__EXCERPTED DATA__.

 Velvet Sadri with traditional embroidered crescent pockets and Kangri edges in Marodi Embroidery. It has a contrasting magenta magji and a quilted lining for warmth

...

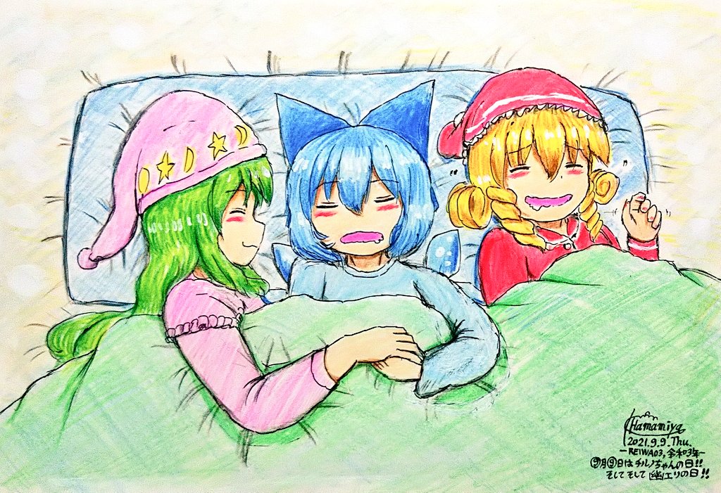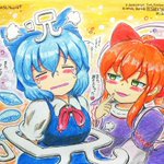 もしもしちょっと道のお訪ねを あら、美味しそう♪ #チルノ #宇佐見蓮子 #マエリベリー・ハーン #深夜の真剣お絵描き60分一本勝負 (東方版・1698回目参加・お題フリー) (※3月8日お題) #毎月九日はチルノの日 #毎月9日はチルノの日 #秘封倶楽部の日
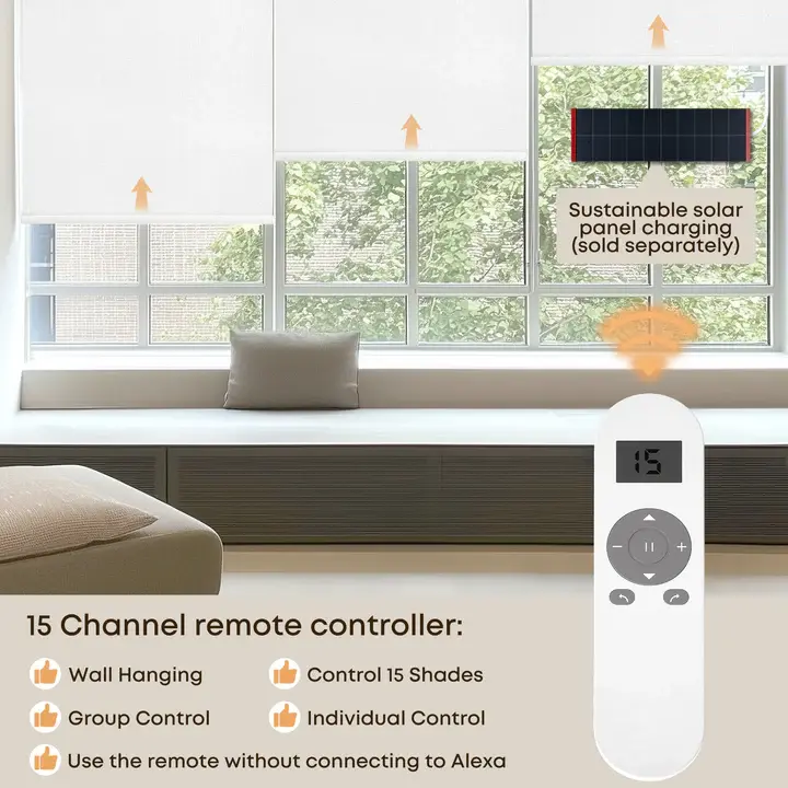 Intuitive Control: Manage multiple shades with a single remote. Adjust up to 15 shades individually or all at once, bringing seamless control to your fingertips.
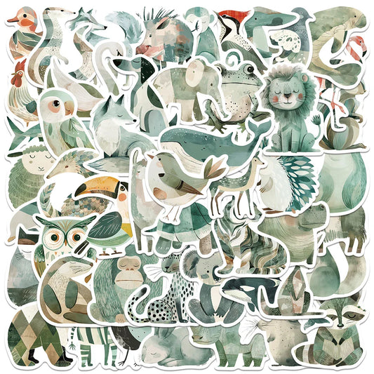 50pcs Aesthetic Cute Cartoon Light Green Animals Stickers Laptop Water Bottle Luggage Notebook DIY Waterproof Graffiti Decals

--

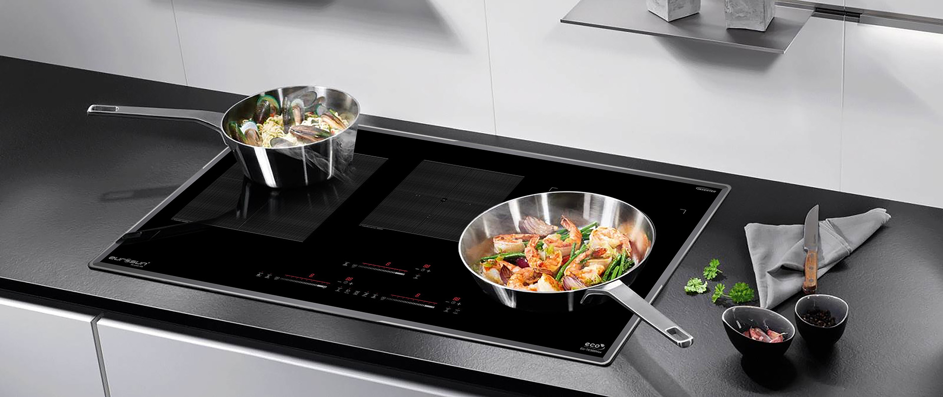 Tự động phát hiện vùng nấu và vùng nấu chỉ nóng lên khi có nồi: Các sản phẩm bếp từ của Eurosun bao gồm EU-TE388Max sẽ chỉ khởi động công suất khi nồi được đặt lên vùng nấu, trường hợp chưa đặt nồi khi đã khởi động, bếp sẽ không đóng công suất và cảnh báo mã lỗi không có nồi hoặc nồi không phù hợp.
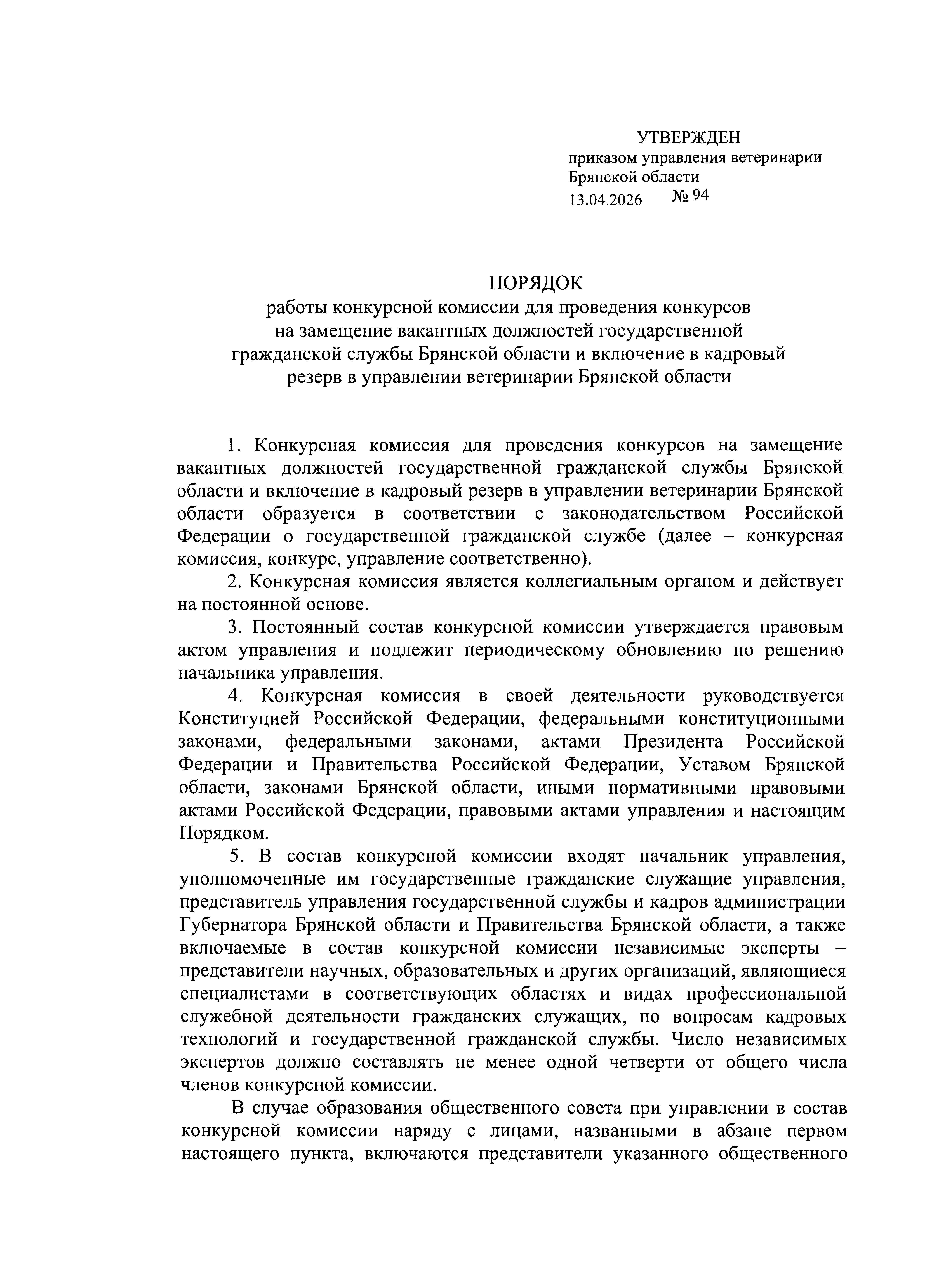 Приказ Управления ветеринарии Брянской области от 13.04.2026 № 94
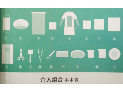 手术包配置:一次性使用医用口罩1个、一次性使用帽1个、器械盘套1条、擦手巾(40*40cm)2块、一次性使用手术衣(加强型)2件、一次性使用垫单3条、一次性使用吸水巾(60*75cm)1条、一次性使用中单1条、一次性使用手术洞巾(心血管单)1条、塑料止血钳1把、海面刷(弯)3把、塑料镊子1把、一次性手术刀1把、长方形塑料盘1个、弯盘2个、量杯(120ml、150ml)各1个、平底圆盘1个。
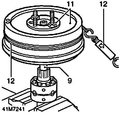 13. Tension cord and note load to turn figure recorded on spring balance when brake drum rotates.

__WORK TASK__.
Please transcribe exactly the part of the records that opens with the line containing "手术包配置:一次性使用医用口" and closes with the line containing "13. Tension cord", both ends included, and leave out the pictures.

__WRITTEN RESPONSE__.
 手术包配置:一次性使用医用口罩1个、一次性使用帽1个、器械盘套1条、擦手巾(40*40cm)2块、一次性使用手术衣(加强型)2件、一次性使用垫单3条、一次性使用吸水巾(60*75cm)1条、一次性使用中单1条、一次性使用手术洞巾(心血管单)1条、塑料止血钳1把、海面刷(弯)3把、塑料镊子1把、一次性手术刀1把、长方形塑料盘1个、弯盘2个、量杯(120ml、150ml)各1个、平底圆盘1个。
 13. Tension cord and note load to turn figure recorded on spring balance when brake drum rotates.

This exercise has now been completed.